By The Edge Of The River After Dusk
For Jim C. You always arrive alone in the thought-transforming hour after dusk: the time of day that unseen flocks of geese ride on, when they leave for distant lakes. You can hear their cacophonous chatter above the thick cloud-line of trees, and think of boats sailing for ports that no one you know has ever seen. And nearer still are the disembodied voices of those who came to try and then turned away — their shouting fills the absent spaces in their lives like unfingered clay on the world-spinning wheel. You know these voices well, being undressed from your own dream of substance in fists and in tongues. Now these voices die away too and your aloneness swells to the size of the evening and seeks the inviting spaces between the trees — so everything is filled. And you remember how you came here on the well-marked path that ran from the town to the grove. You remember it clearly in your mind when you look down and see nothing but grass, dead leaves, and small stones. The wandering vines have swallowed your feet like the spreading of sleep. But the swirl of the stream nearby is a sound you can keep in your mind like a soul plucked harp. And the white eyes of the water where it meets the old dam is your sight.

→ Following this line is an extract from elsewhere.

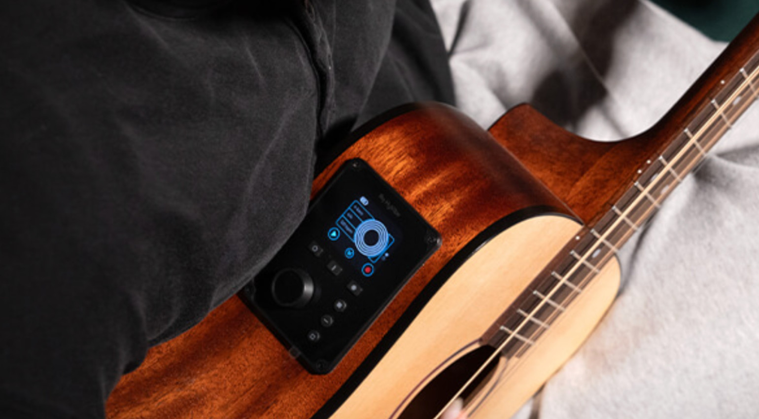 HyVibe H2 — ваш персональный музыкальный помощник. С революционным предусилителем HyVibe H2 ваша акустическая гитара превращается в современный интеллектуальный инструмент. Помимо таких эффектов, как реверберация, хорус, задержка, тремоло, октавер, фейзер и дисторшн, вы также найдете лупер, тюнер и метроном. Совместимость с Bluetooth позволит вам без труда импровизировать под любимые фонограммы. Кроме того, мобильное приложение HyVibe позволяет создавать собственные банки эффектов и точно настраивать звучание вашей гитары. Встроенный литий-ионный аккумулятор обеспечивает до десяти часов непрерывной игры на одном заряде и удобную зарядку через порт USB-C на панели выходов, которая также оснащена стандартным разъемом jack, аудиовходом TRS 3,5 мм и выключателем питания.

While somewhere just beyond the opposite side of the creek — awaits your other life.
Coming Into The Clearing
The vista opens before you like the sudden swoop of a jay in the forest reminds the dreamer that everything is variations of sound and light, and starts to watch the play of green on green. While the howl of the wolf in the distance is rising through a sorrowful sky for the deaths of everything you see. You know that his cry awakens the feelings you are unable to say in words — this shy poet of the wind. But you wonder if you have left something behind on the trail — an astute perception, a far-reaching plan. You want to look back, but your eyes are already filling with the shadows the sun makes, sinking behind a layer of clouds at the placid end of the day. When all the sparrows have ceased to fly, but gather in trees and wait for the dusk to arrive like oblong silhouettes of stones. And you remember the song that is playing somewhere just behind the smooth brow of your head. And to your left is the child who is never there when you look. He is speaking quietly to himself — perhaps reciting the lines of a book you loved to read aloud, but have forgotten the name. When you turn around, all you can see are his lips.